Small private business investments offer potential profits and perils for both clients and advisors.
The client was experienced in business, all right. A
self-made, successful entrepreneur. Sophisticated, relatively. Still,
advisor Mike McCabe wasn't enthusiastic about the gentleman's
intention: to invest $150,000 in a friend's start-up. "The client fully
understood what he was getting into," says McCabe, a principal at WNA
Investment Programs Inc., in Hinsdale, Ill. But it was a mistake.
The venture failed soon after start-up, done in by a
combination of faulty legal advice and a zealous ex-employer hellbent
on enforcing a noncompete contract. The company's shares became
worthless, vaporizing client wealth, not to mention assets under
management. "My client doesn't hold a grudge against the guy, but it
was a lot of money to him and losing it hurt," McCabe says.
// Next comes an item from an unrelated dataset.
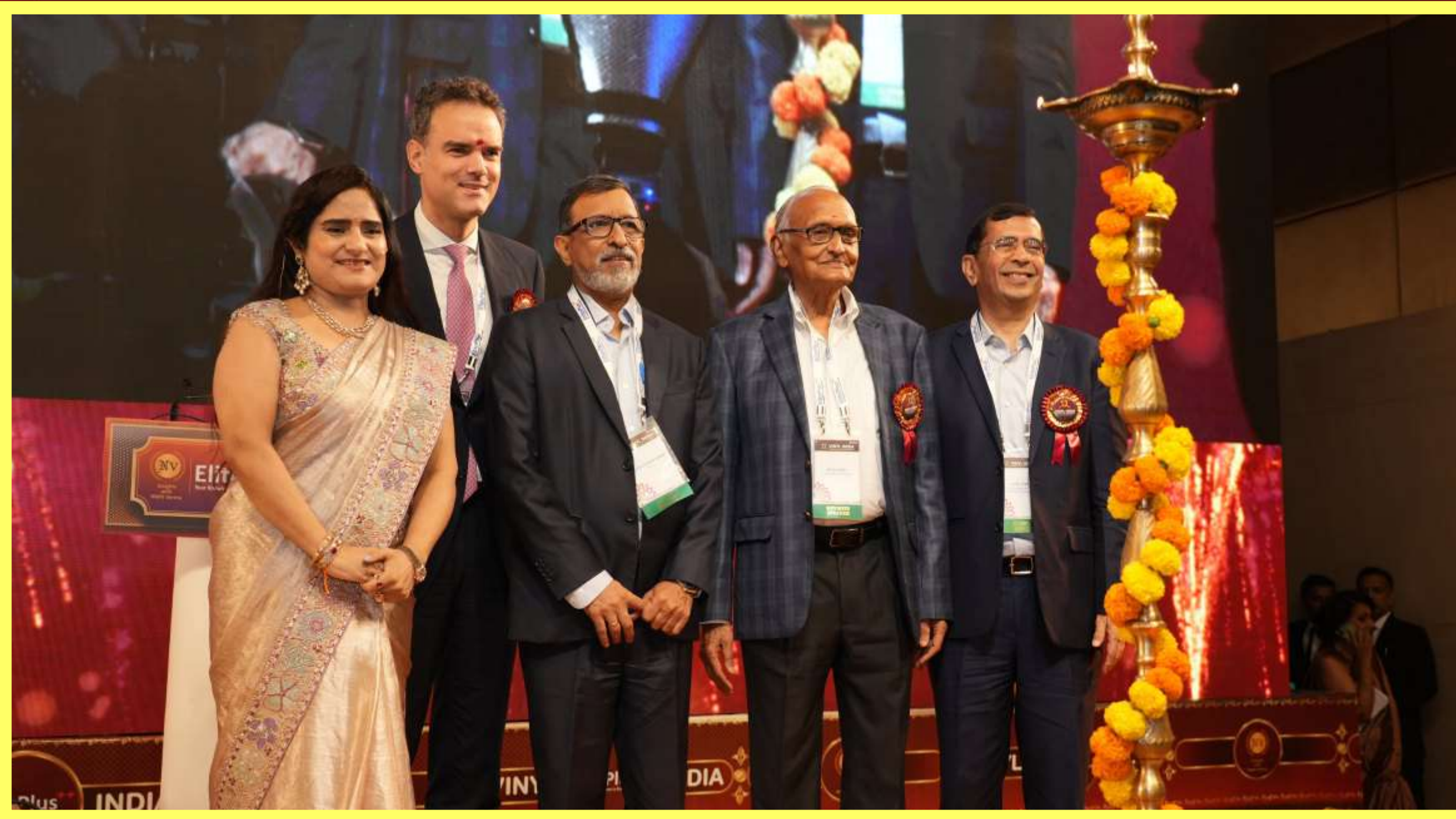
Inaugural Ceremony & Keynote Addresses by Global Industry Leaders & Policy Makers CMD, The Supreme Industries | Vice Chairman & CEO, Jain Irrigation Systems | Chief Economist, CRISIL | Partner & Leader – Petrochem, McKinsey & Company, Turkey

Stories of gritty entrepreneurs emerging from garage
workshops, backed only by the prescient capital of their faithful inner
circle, are the stuff of legend. And sometimes these bets do hit. "We
have had clients come out of deals [get] paid very well for their
participation," says Daniel B. Roe, a principal at Budros Ruhlin and
Roe in Columbus, Ohio. Some of his clients invest from $50,000 to
$500,000 in small, private companies in return for minority equity
stakes. Given the illiquidity, lack of management control, other risks
and five- to ten-year time horizon that's typically involved, "the
expected annual compound return on an individual deal should be at
least 20%, and probably more like 25% to 40%," Roe says. "You're
looking for a big payoff."
But all too often, the investment goose eggs. The
outcome suffered by McCabe's client is hardly rare. You can almost hear
James Taylor sing, "Sweet dreams and flying machines in pieces on the
ground," every time a client brings up this type of investing. Yet more
than just his interests are on the line when the topic is broached.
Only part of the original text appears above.